- [Work instruction]
Transcribe word for word the lines below from the line with "Maillot de bain" through the line with "The leaders on", ends included.

- [Information given]
-*-*-
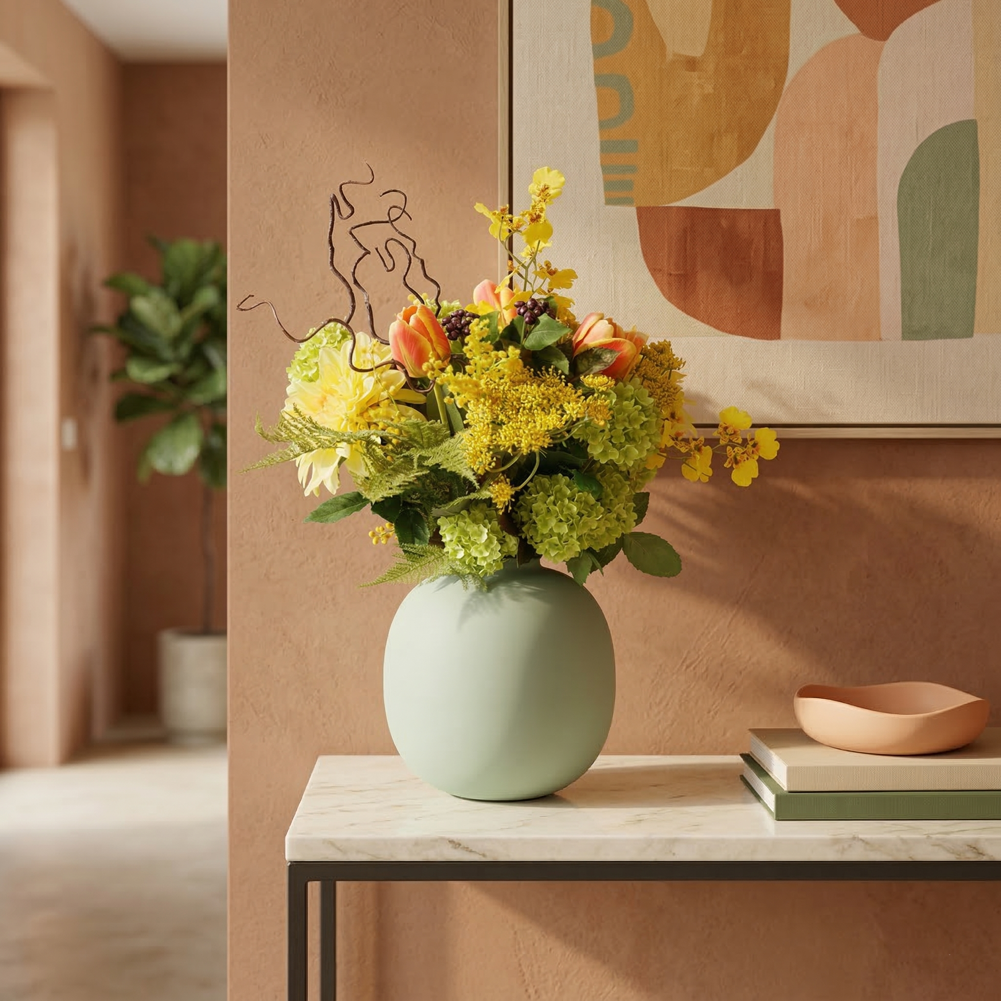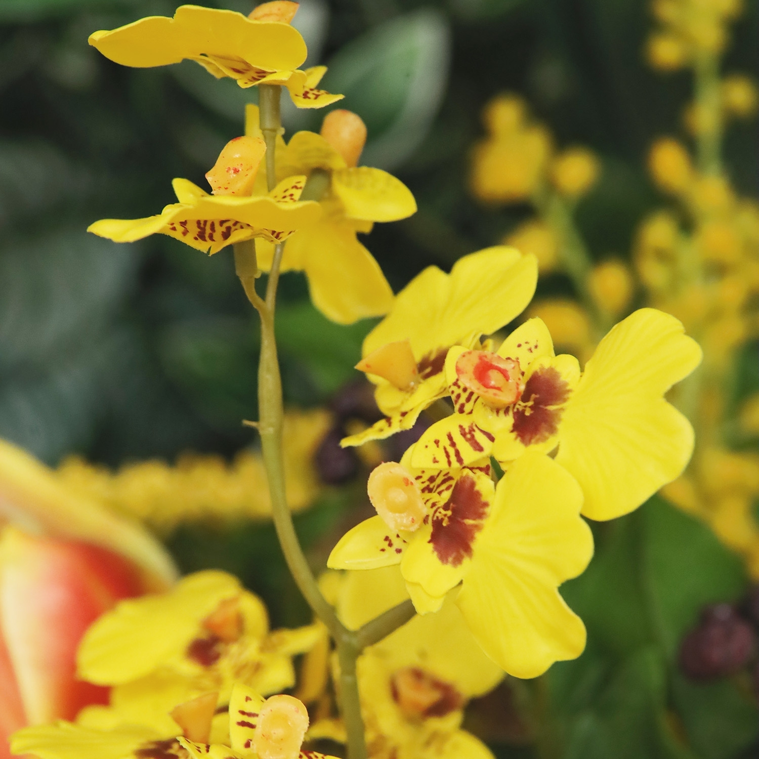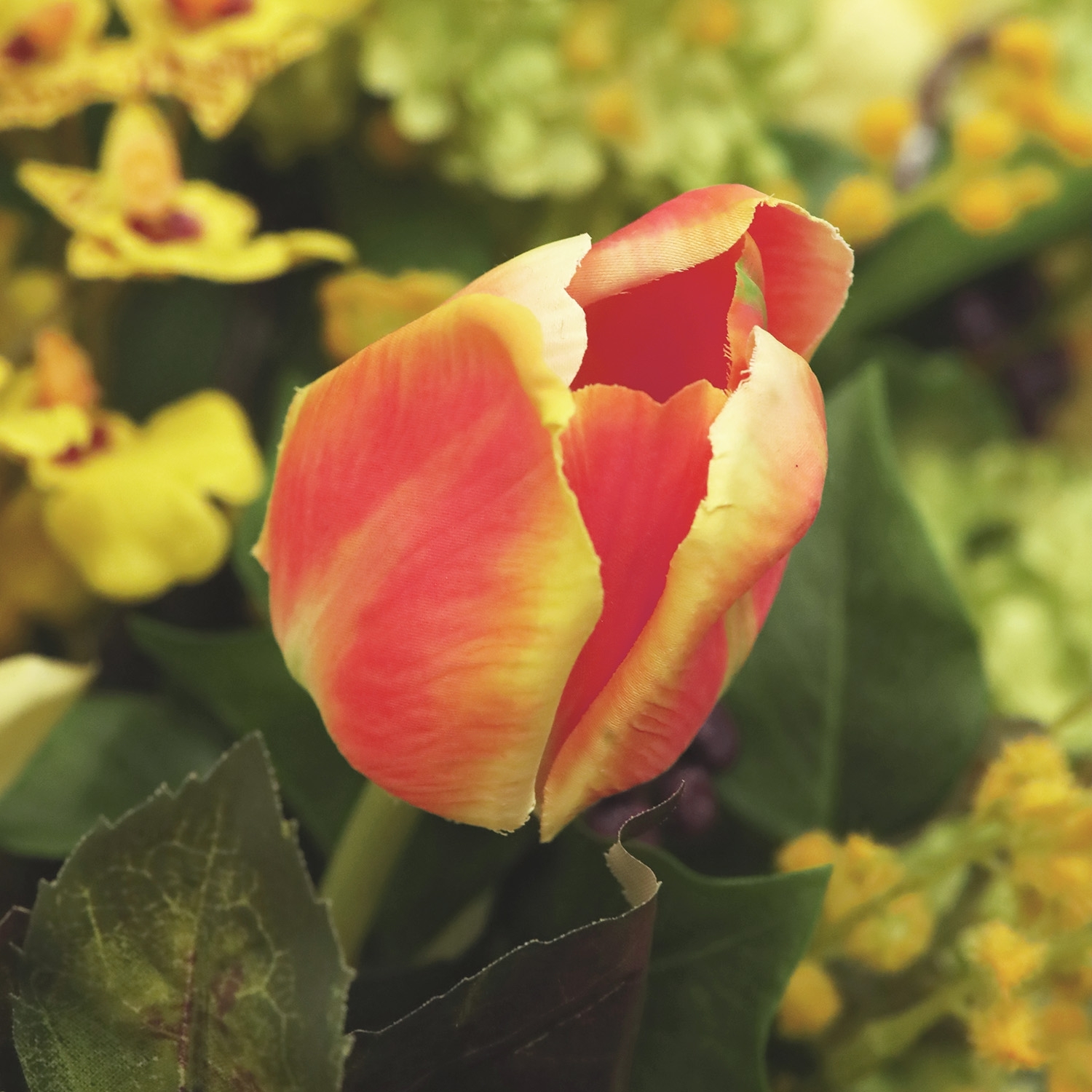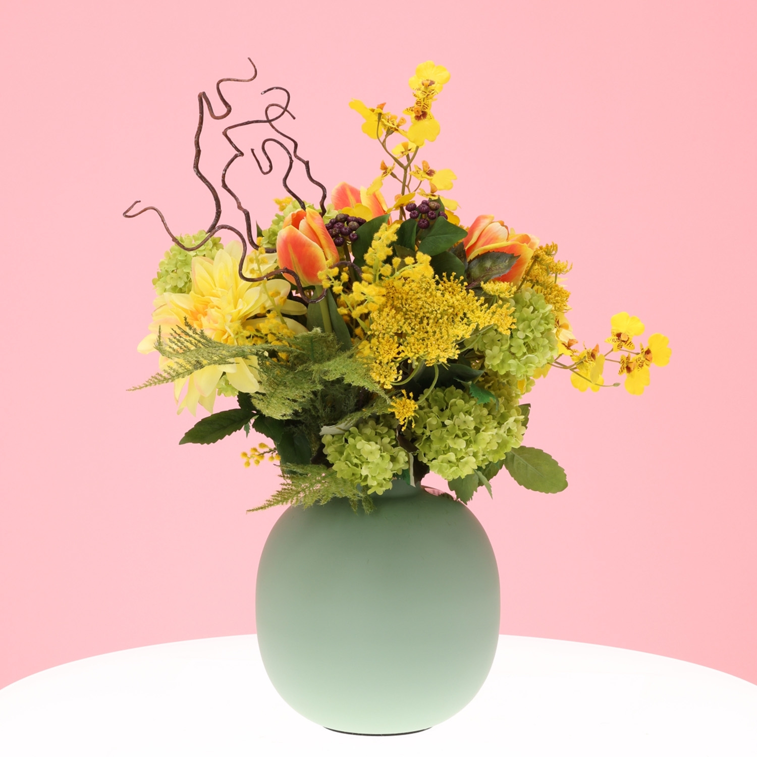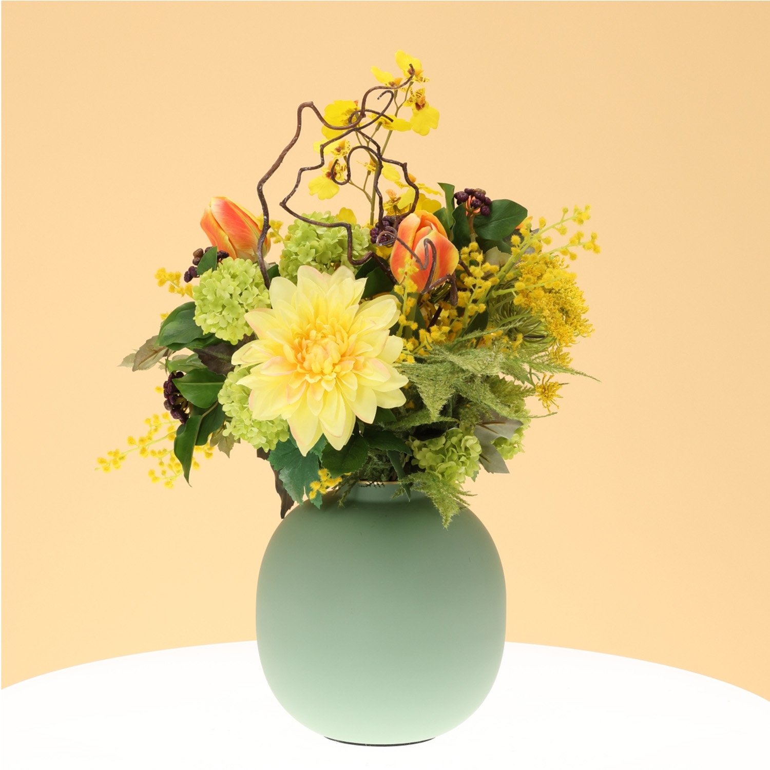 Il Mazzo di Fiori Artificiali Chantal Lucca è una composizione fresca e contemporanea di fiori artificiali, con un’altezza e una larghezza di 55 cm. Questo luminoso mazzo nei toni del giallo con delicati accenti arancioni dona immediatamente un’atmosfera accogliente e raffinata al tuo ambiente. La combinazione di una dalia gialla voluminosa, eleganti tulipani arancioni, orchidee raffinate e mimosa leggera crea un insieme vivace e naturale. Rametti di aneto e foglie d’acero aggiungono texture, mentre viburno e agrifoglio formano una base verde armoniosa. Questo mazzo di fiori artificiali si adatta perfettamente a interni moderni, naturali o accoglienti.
-*-*-
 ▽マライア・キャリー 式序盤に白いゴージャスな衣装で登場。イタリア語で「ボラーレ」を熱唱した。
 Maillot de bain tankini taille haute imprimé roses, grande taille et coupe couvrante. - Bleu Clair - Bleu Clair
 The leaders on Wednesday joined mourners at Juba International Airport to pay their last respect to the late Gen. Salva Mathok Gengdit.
-*-*-
- [Response to the exercise]
 Maillot de bain tankini taille haute imprimé roses, grande taille et coupe couvrante. - Bleu Clair - Bleu Clair
 The leaders on Wednesday joined mourners at Juba International Airport to pay their last respect to the late Gen. Salva Mathok Gengdit.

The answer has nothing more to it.